- TRY IT
Check each line below for "buttons" and say how many have it, with no other words.

- INPUT DATA

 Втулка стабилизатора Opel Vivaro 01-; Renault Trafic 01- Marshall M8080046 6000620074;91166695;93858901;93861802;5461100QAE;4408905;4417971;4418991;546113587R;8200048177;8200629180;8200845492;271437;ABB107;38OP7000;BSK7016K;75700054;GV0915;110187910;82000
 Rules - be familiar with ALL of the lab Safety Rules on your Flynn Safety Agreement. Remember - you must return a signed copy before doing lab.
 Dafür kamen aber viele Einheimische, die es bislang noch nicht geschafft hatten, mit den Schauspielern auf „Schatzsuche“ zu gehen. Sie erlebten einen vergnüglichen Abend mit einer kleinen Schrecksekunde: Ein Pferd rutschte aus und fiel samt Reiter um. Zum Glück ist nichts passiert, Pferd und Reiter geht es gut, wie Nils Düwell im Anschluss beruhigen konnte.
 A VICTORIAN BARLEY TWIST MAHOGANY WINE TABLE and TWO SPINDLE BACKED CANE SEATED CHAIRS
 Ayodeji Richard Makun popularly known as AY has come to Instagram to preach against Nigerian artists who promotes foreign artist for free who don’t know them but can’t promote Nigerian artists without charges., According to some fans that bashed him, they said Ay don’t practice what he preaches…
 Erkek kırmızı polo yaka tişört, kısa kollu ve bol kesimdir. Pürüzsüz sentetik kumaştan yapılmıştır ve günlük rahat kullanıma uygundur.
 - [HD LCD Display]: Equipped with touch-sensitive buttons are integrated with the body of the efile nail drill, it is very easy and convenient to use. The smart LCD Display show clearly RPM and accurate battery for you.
--
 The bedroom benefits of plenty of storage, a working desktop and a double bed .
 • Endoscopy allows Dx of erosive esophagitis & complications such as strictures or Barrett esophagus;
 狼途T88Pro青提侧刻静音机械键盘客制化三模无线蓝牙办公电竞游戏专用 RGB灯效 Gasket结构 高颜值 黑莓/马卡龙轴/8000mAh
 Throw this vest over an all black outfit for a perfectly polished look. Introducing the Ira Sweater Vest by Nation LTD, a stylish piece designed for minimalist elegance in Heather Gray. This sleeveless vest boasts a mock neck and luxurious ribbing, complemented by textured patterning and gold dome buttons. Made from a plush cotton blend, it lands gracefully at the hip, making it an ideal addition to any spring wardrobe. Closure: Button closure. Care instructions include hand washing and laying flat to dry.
* * *
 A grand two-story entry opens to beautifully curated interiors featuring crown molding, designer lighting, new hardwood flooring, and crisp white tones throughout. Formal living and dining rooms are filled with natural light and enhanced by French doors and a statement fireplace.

- OUTPUT OF THE TASK
2